Obama had already made it clear that he upholds the power of the president to throw anyone he chooses into a military prison without charges or trial. Indeed, he has gone substantial steps further than his predecessor in the White House, asserting the right to act as judge, jury and executioner in the state murder of American citizens deemed to be terrorists. He has exercised this supposed right in the extra-judicial execution of Anwar al-Awlaki and others.

Many of the Democrats who voted for the legislation voiced muted reservations about the military detention provisions. Typical was Senate Majority Leader Harry Reid, who allowed that the bill was “not perfect”, but represented “a major accomplishment in support of our troops”. There is a definite logic to such arguments: the unending US wars of aggression abroad are inseparable from the assault on democratic rights and social conditions at home.

Both arise out of the historic crisis of US capitalism. This crisis finds its sharpest expression in the historically unprecedented social polarization that has become the defining feature of American society. The immense divide between the financial oligarchy that monopolizes wealth together with economic and political power, and the working class, the vast majority of the population, which confronts declining living standards, mass unemployment and steadily deteriorating social conditions, has never been so stark.

Based on this malignant social foundation, democratic rights and democratic forms of rule become increasingly untenable. The ruling elite is compelled to seek a new framework for defending its wealth and power, one that is decidedly at odds with the principles laid down in the US Constitution and Bill of Rights.

The creation of this new framework has been in progress for over a decade.
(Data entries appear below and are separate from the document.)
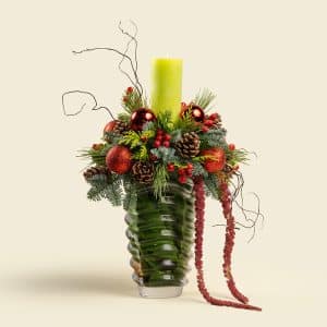 - Flowers: Fresh, vibrant red roses paired with the lush greenery of Italian ruscus, creating a harmonious balance of color and texture.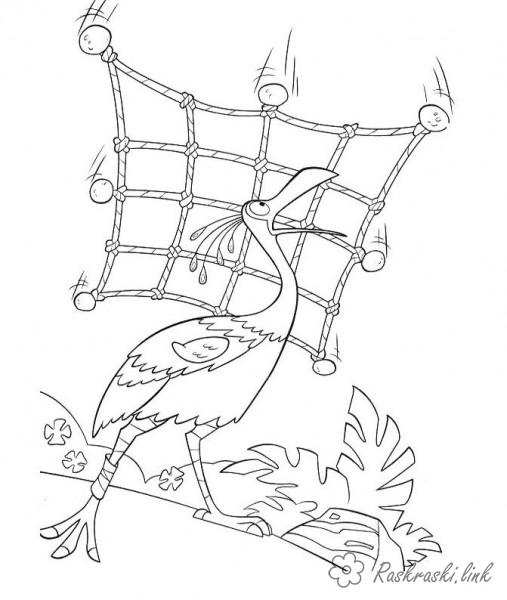 Розмальовка велика птах потрапив в мережу. Раскраска Мультфільм, Вгору, великий птах, Кевін, мережа завантажити бесплатно онлайн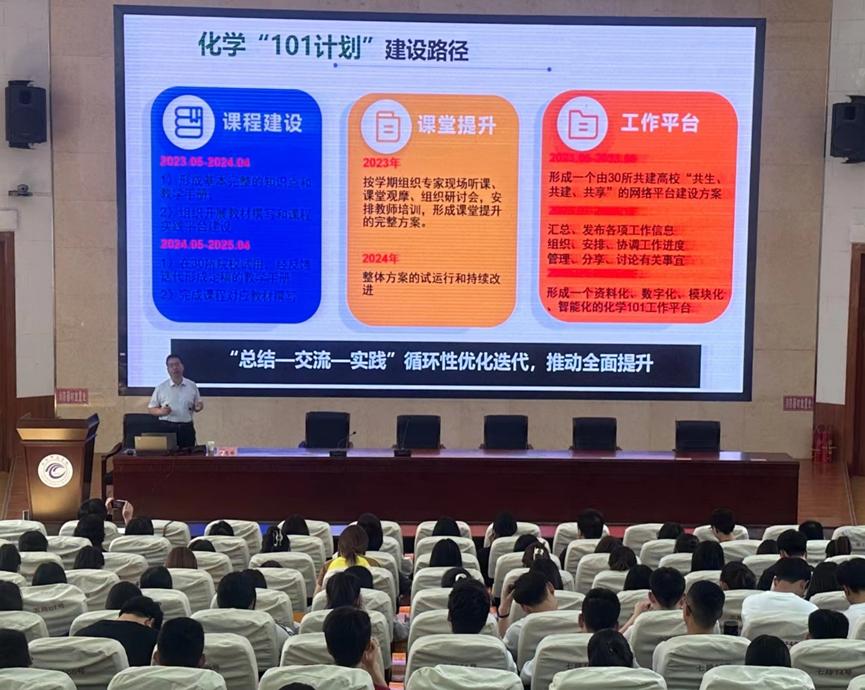 卢忠林解读了教育部基础学科“101计划”的内涵、建设目标、发力点及建设愿景。从有机化学课程建设的背景出发,在分享教学理念植入、教学课件优化、知识点梳理、思政案例展示、教学设计实施等方面的经验基础上,结合课程数字化教学资源建设经历,介绍了在一流课程建设、教学改革和教学实践等方面的具体做法、体会和思考。报告期间,卢教授就一流课程建设、双语教学和有机化学课程学习等问题与公司师生进行了深入交流研讨。
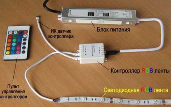 Иногда ленты продаются без светового шнура. Его можно купить отдельно и подключить к блоку питания, присоединив его к контактам N и L. Затем к блоку подключают контроллер. Его используют для разноцветной ленты типа RGB.

Following a protracted period characterized by the decay of American democracy and the growth of social inequality came the stolen election of 2000, with the right-wing majority of the US Supreme Court installing a president who had lost the popular vote.

Then the events of September 11, 2001, which have yet to be seriously investigated or explained by the American government, provided the pretext for launching two wars of aggression and enacting—with bipartisan support—a plethora of repressive legislation, from the Patriot Act to the Homeland Security Act, together with the adoption of torture, targeted assassination, extraordinary rendition, domestic spying and unlawful detention as official state policy.

These methods have been continued and intensified by Obama, who won his 2008 election victory in no small part due to popular revulsion for the actions of his predecessor. That they have now been openly enshrined in law by the Democratic-controlled Senate demonstrates that they were not merely the excesses of a single president or the product of a specific right-wing ideology.

Rather, they are the outcome of the class contradictions within American society and the historic crisis of US capitalism. With the financial meltdown of 2008 and the continuous deepening of the most severe crisis since the Great Depression of the 1930s, the slide towards the methods of police state dictatorship has only accelerated.

While supporters of the measures passed by the Senate Thursday invoked the supposedly ubiquitous threat of terrorism, their insistence that the United States itself be defined as a “battlefield” has a more far-reaching significance.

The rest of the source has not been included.